Aim of the exercise >> Wherever pictures appear in the listing below, leave them out, and copy exactly, and only, everything from the line with "Stunning mirrored side" down to the line with "Fabricado na China.".

Information >>
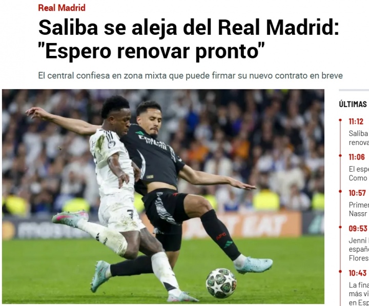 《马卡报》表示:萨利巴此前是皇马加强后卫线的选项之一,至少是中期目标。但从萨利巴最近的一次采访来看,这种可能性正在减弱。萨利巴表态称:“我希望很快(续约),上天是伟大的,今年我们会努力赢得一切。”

--

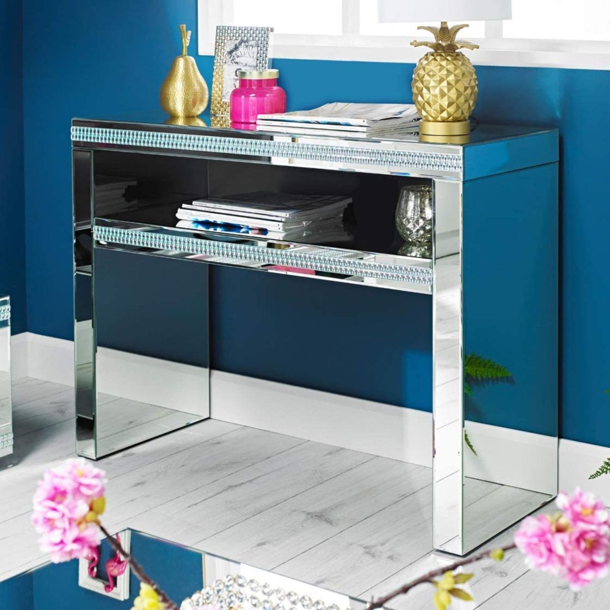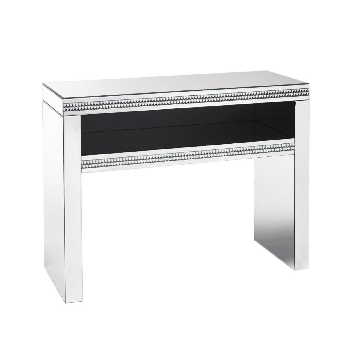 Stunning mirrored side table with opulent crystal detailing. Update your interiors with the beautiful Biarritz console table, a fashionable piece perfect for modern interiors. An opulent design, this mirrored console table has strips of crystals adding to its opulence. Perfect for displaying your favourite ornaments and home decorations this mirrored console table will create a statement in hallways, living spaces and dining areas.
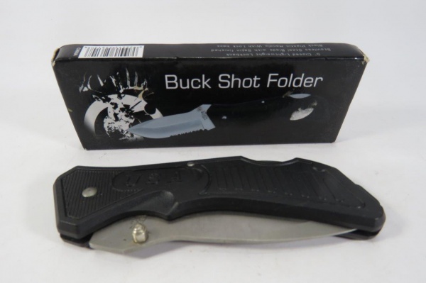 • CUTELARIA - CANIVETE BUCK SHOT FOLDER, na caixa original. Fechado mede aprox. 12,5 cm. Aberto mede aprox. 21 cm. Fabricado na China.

==

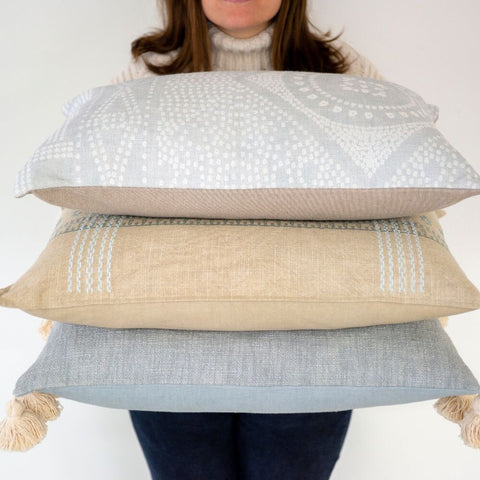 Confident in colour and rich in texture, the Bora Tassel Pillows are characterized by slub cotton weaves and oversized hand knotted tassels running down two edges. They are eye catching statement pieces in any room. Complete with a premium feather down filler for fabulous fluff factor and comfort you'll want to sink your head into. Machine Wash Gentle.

Solution below >>
 Stunning mirrored side table with opulent crystal detailing. Update your interiors with the beautiful Biarritz console table, a fashionable piece perfect for modern interiors. An opulent design, this mirrored console table has strips of crystals adding to its opulence. Perfect for displaying your favourite ornaments and home decorations this mirrored console table will create a statement in hallways, living spaces and dining areas.
 • CUTELARIA - CANIVETE BUCK SHOT FOLDER, na caixa original. Fechado mede aprox. 12,5 cm. Aberto mede aprox. 21 cm. Fabricado na China.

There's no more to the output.